Я перешла в большой свет, как в пустыню; я скрылась между детьми, которые еще не светские люди, но дети — все равно и в чертогах вельможи, и в хижине поселянина…
Но и здесь теперь мне нет места. Вы явились — мне уже некуда убежать… Но зачем же вы не скрыли, что знаете меня?.. Ах, Антонин! я верю, что ты не мог скрыть, верю, что ты любил меня, что ты любишь меня, — письмо твое — слова твои — зачем ты старался видеть меня… Не виню, не виню тебя: ты несчастлив; верю, что неизбежная судьба заковала тебя в неразрывные цепи, и если признание мое может тебя хоть на мгновение осчастливить (неужели и тому мне не верить?)… Антонин! я люблю тебя…
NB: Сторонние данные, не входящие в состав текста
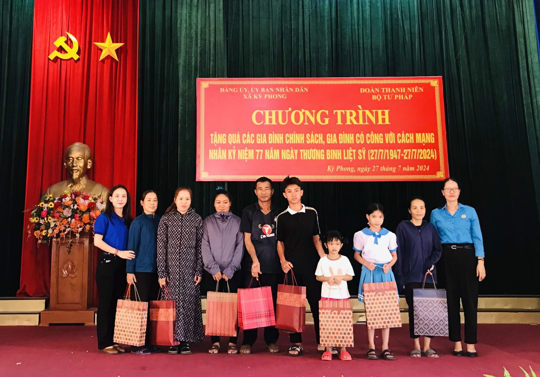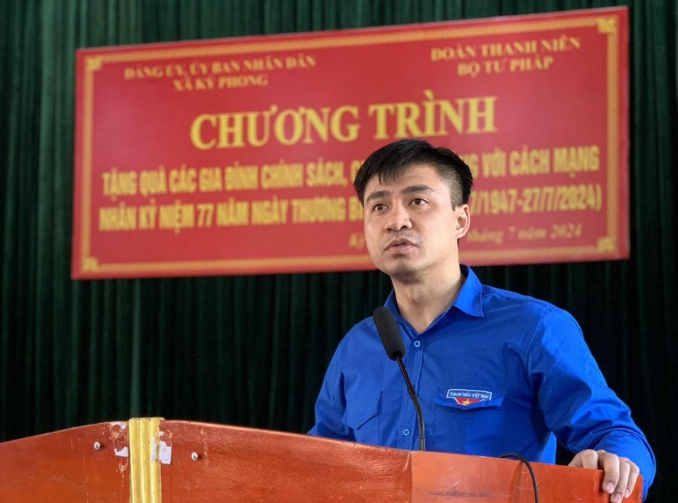 Ông Trịnh Xuân Tùng - Uỷ viên BCH Đoàn Khối các cơ quan Trung ương, Bí thư Đoàn Bộ Tư pháp cho biết: Đoàn thanh niên Bộ phối hợp với Đảng ủy, UBND xã Kỳ Phong, huyện Kỳ Anh đã trao tặng 50 suất quà tặng thương binh, gia đình chính sách, học sinh có hoàn cảnh khó khăn tại xã Kỳ Phong.
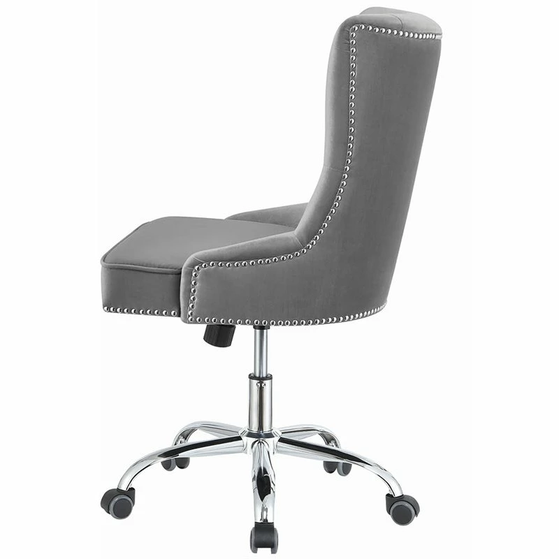 Add versatile convenience to your workspace with this stunning swivel office chair. With built-in casters and handy height adjustability, it allows you to perfectly position yourself for productivity. The luxurious texture of gray velvet upholstery infuses it with exquisite comfort. Shiny, round, silver embellishments adorn its base and armrests, while button tufting adds a chic element of style. Its shining chrome base pulls its luxe look together in spectacular fashion.

Но ты более меня не увидишь. Завтра расстаюсь я с княгинею — мне нельзя здесь более оставаться — любовь твоя будет твоим и моим преступлением, твоею и моею погибелью, а без нее — на что мне жить? И где мне жить? Мне нет места в мире… в Москве, хотела я сказать, здесь — жена твоя, там — мачеха моя… Да, у меня нет уже семейства, нет крова, где отец мог прижать меня к груди своей и, если бы целый свет говорил о моем позоре, сказать мне: "ты невинна!"
Молюсь за тебя, молюсь за всех… И тяжко мне, Антонин, тяжко — только один раз испытала я такое страдание, когда умирал отец мой, всеми оставленный, когда бесчеловечные выгнали его из дома и все, все забыли его, кроме меня…
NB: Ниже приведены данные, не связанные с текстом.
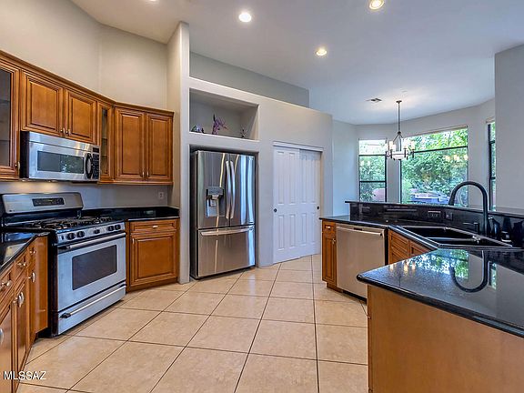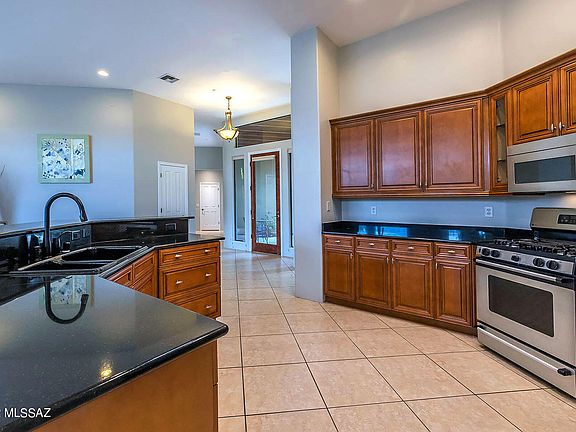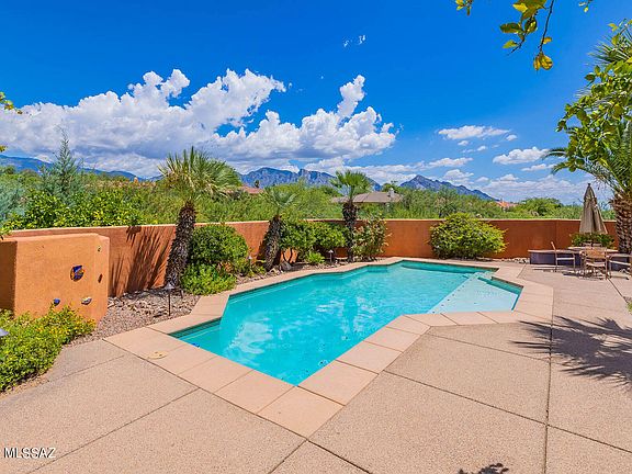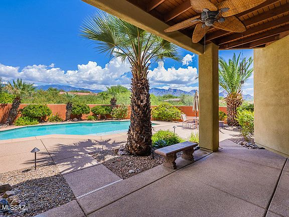 Spectacular 4BD/3.5BA (3,379 SF) estate on large cul-de-sac lot boasts a sparkling pool, owned solar and majestic Catalina views. Formal dining room overlooks front walkway w/fountain. Living room off atrium has built-in art/media wall. Open concept Great room hosts a Cantera stone fireplace, view windows and gourmet kitchen w/breakfast bar & nook, island, granite counters and stainless appliances. Private Owner's suite w/patio access adjoins den/office and hosts a luxury bath w/glass block shower & soaking tub. Amenities include guest room w/ en-suite bath, walk-in closets in all bedrooms, full hall bath, powder room. Extended 3-car garage has enclosed, air-cooled third bay. Resort-like yard boasts a covered patio, grill station, saltwater pool and colorful sunsets upon the Catalinas!

Не старайся узнать обо мне. Ты ничего и никогда не узнаешь — есть на земле убежище, куда люди не смеют входить… где не услышим мы речей их…
Антонин! неужели ты не жалеешь обо мне, или любовь твоя опять притворство?.."
— А где же ваша мамзель Рудольф? — спросила через несколько дней у княгини одна гостья. — Вы, кажется, были довольны ею?
— Очень, но она сама не захотела у меня жить, и не знаю где девалась. Она была такая странная: добрая, тихая, но, право, иногда можно было подумать, что она… как бы вам сказать… дурочка! — отвечала княгиня, улыбаясь и стараясь смягчить выражением название, какого удостоила свою бедную гувернантку.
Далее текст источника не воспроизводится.